Required work - For the material that follows, return exactly the lines from the one with "Comisión Permanente de" through the one with "También ha mejorado", both ends included.

Supplied entries -
········

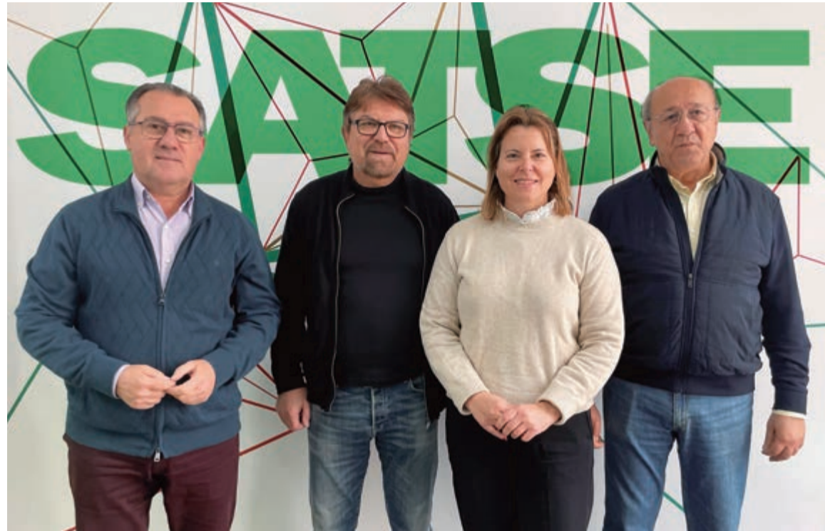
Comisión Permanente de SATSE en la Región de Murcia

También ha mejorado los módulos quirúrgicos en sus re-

········

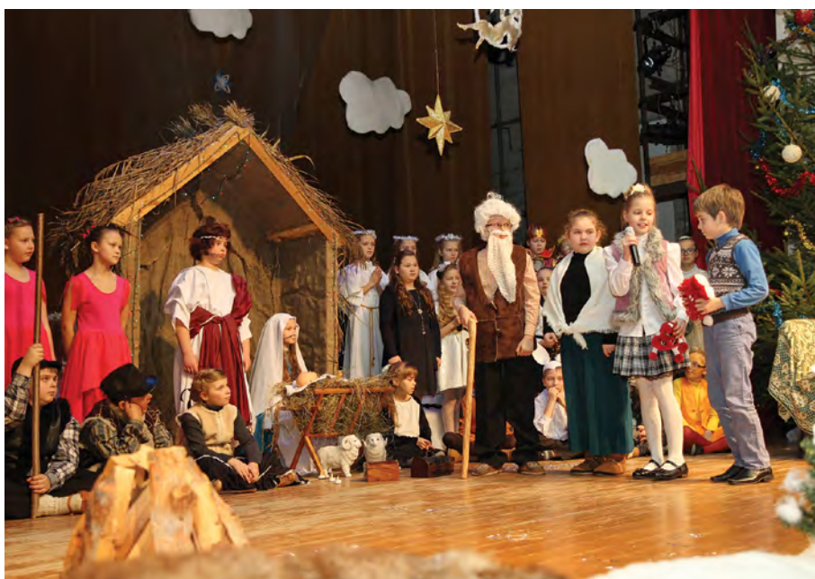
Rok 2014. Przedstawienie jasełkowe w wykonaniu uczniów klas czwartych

········

Worked solution -
Comisión Permanente de SATSE en la Región de Murcia

También ha mejorado los módulos quirúrgicos en sus re-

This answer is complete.